● **Data records**
BEGIN
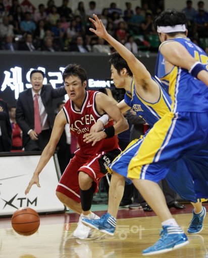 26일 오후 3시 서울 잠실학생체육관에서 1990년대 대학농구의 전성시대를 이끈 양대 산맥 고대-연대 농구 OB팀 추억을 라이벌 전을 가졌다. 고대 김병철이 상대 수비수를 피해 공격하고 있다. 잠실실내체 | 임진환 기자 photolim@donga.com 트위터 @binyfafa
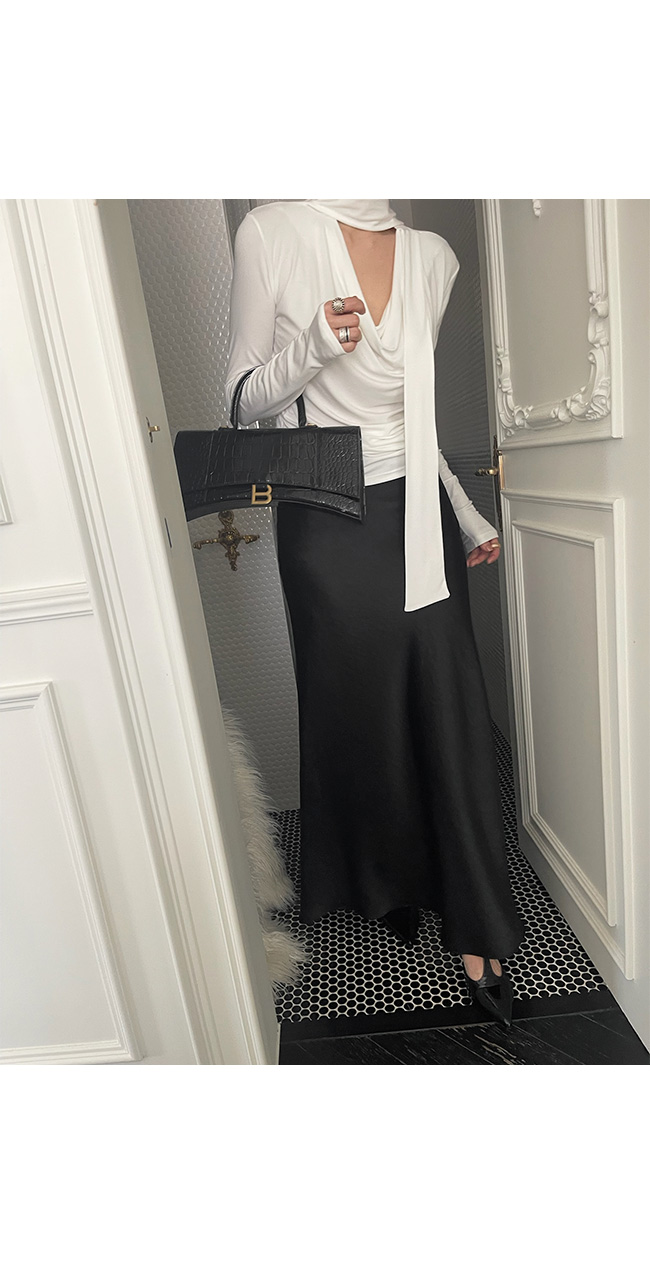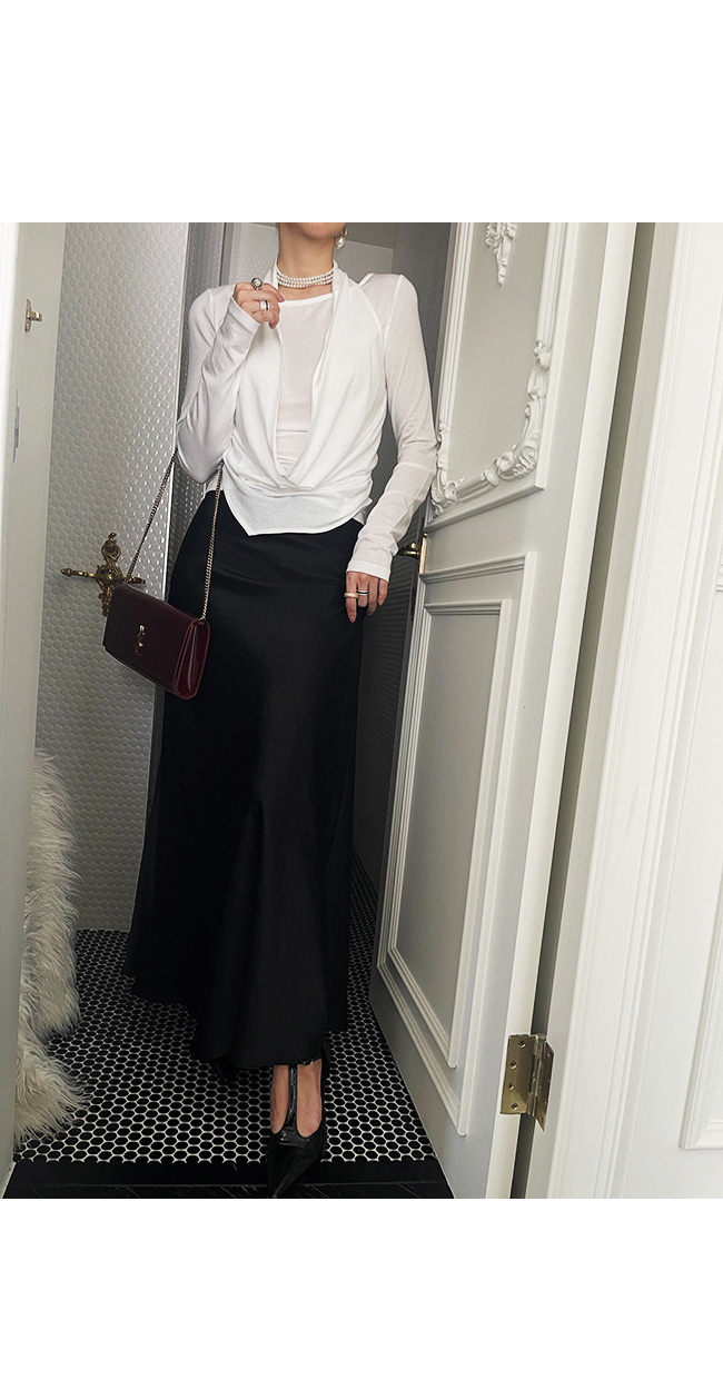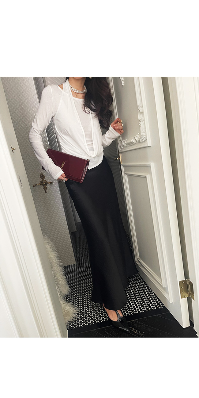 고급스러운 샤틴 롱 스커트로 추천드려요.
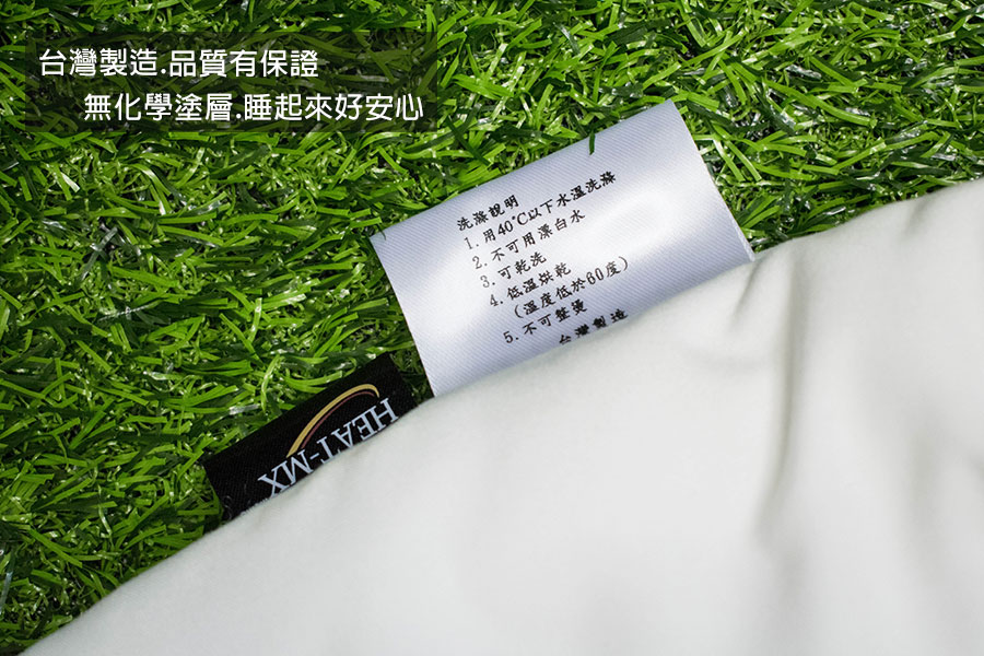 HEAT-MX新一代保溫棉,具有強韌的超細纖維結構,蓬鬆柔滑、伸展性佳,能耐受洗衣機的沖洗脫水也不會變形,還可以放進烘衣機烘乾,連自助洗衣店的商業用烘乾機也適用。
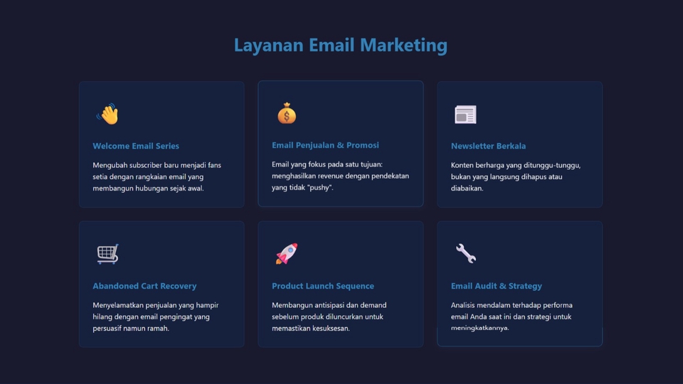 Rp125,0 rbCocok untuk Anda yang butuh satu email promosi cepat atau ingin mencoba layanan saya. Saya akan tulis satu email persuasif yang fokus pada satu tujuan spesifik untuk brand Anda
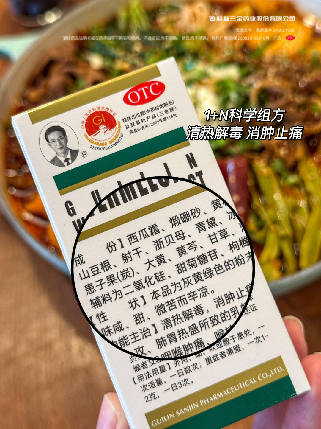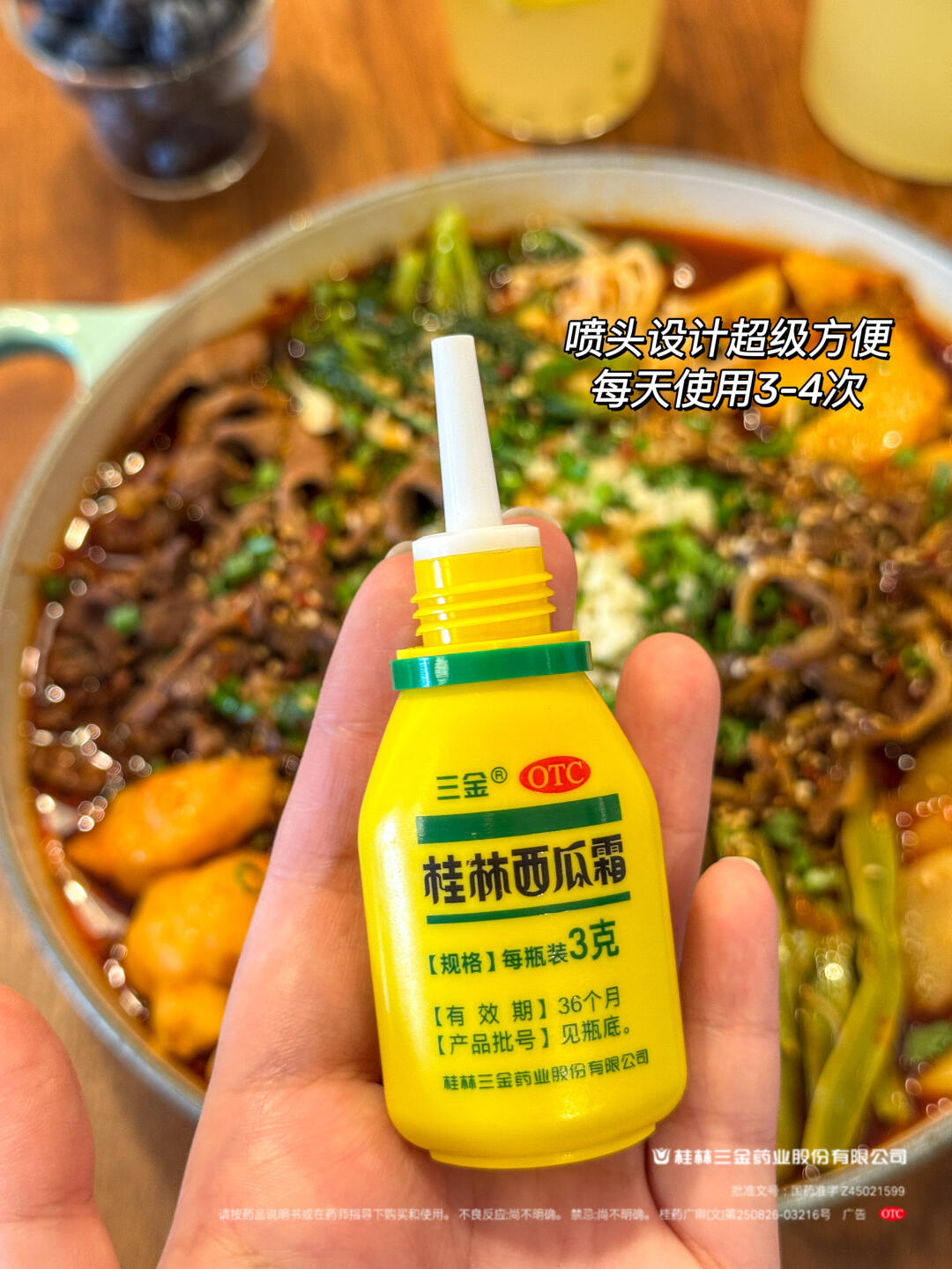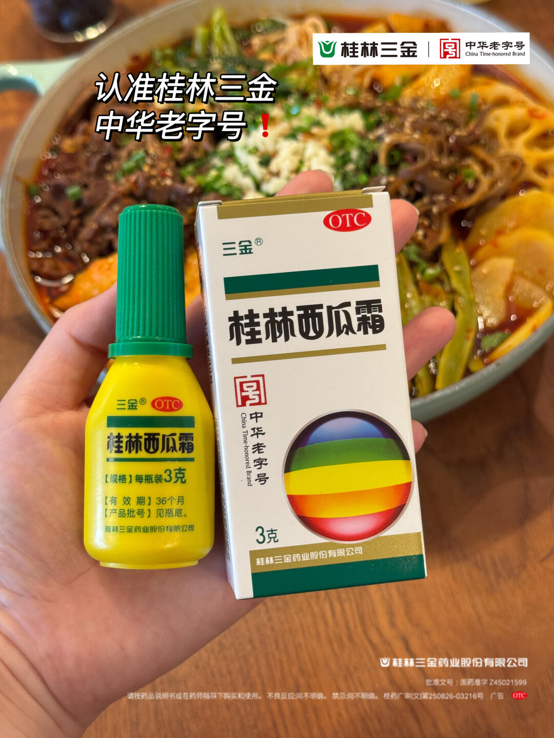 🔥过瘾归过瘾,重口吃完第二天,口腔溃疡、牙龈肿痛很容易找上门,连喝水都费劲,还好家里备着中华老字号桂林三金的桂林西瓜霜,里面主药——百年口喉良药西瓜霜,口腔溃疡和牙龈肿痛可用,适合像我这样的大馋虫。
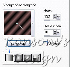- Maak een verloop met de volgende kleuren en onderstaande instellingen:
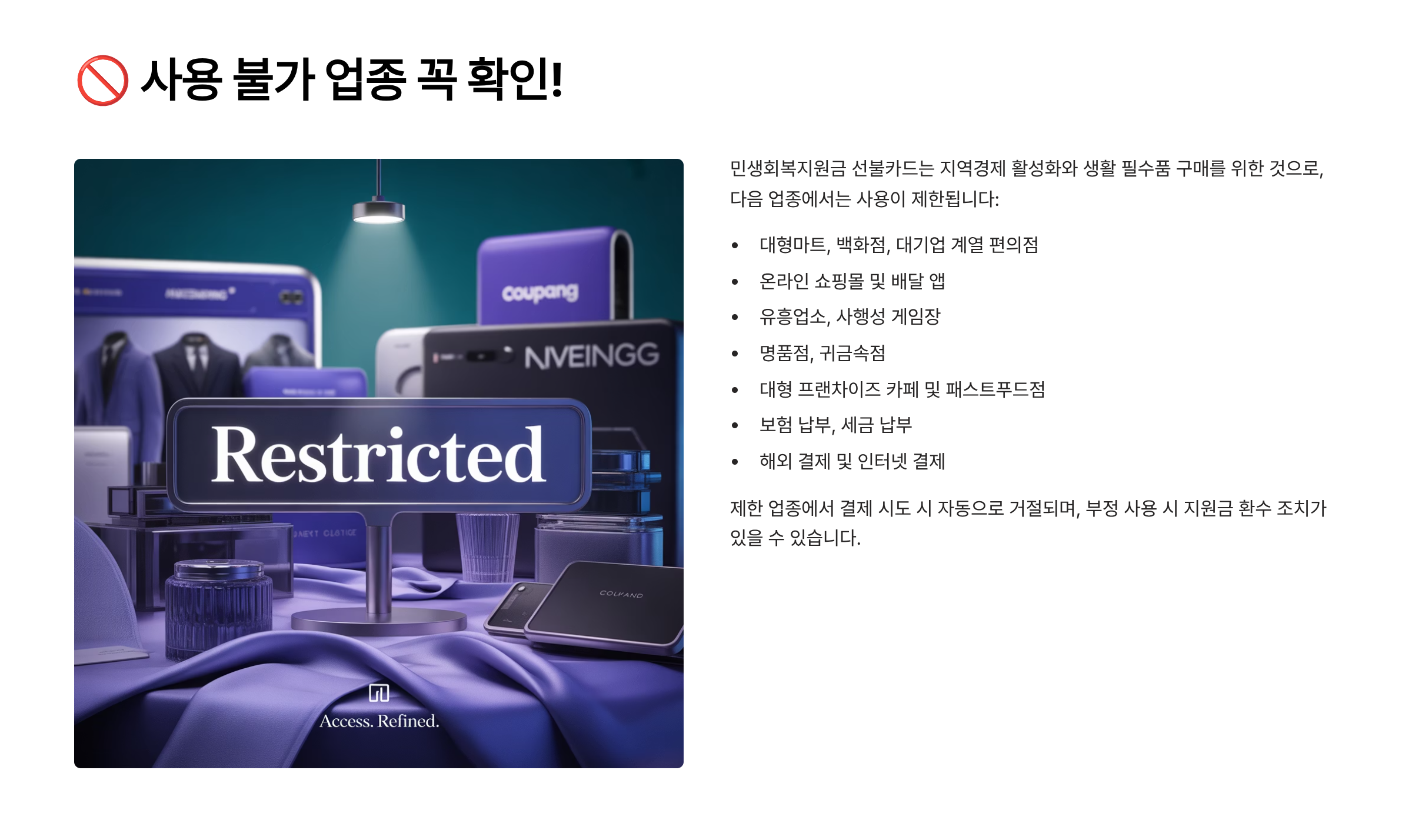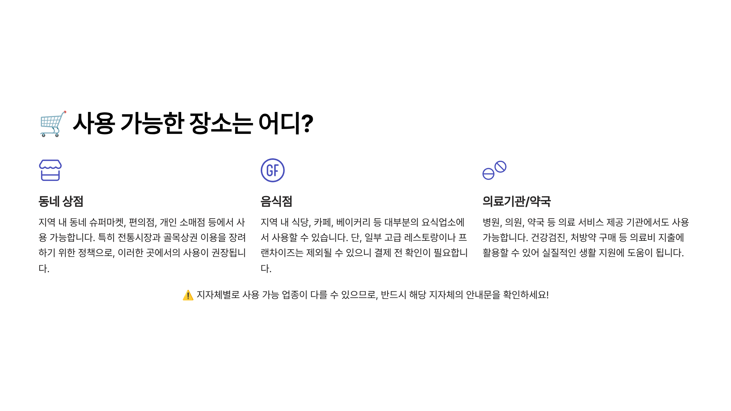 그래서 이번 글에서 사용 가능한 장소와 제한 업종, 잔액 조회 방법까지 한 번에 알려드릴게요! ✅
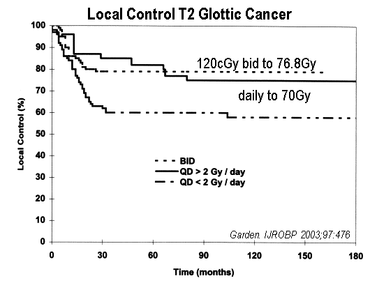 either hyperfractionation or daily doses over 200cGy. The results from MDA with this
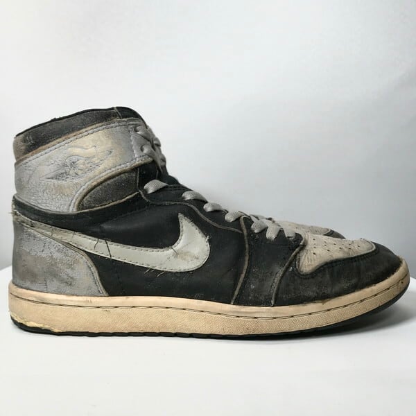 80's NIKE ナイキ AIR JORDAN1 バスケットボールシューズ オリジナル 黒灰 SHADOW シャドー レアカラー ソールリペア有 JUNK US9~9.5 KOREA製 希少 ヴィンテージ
END
● **What the task requires**
Every line above is to be written out unchanged, with the pictures omitted.

● **Completed task**
 26일 오후 3시 서울 잠실학생체육관에서 1990년대 대학농구의 전성시대를 이끈 양대 산맥 고대-연대 농구 OB팀 추억을 라이벌 전을 가졌다. 고대 김병철이 상대 수비수를 피해 공격하고 있다. 잠실실내체 | 임진환 기자 photolim@donga.com 트위터 @binyfafa
 고급스러운 샤틴 롱 스커트로 추천드려요.
 HEAT-MX新一代保溫棉,具有強韌的超細纖維結構,蓬鬆柔滑、伸展性佳,能耐受洗衣機的沖洗脫水也不會變形,還可以放進烘衣機烘乾,連自助洗衣店的商業用烘乾機也適用。
 Rp125,0 rbCocok untuk Anda yang butuh satu email promosi cepat atau ingin mencoba layanan saya. Saya akan tulis satu email persuasif yang fokus pada satu tujuan spesifik untuk brand Anda
 🔥过瘾归过瘾,重口吃完第二天,口腔溃疡、牙龈肿痛很容易找上门,连喝水都费劲,还好家里备着中华老字号桂林三金的桂林西瓜霜,里面主药——百年口喉良药西瓜霜,口腔溃疡和牙龈肿痛可用,适合像我这样的大馋虫。
- Maak een verloop met de volgende kleuren en onderstaande instellingen:
 그래서 이번 글에서 사용 가능한 장소와 제한 업종, 잔액 조회 방법까지 한 번에 알려드릴게요! ✅
 either hyperfractionation or daily doses over 200cGy. The results from MDA with this
 80's NIKE ナイキ AIR JORDAN1 バスケットボールシューズ オリジナル 黒灰 SHADOW シャドー レアカラー ソールリペア有 JUNK US9~9.5 KOREA製 希少 ヴィンテージ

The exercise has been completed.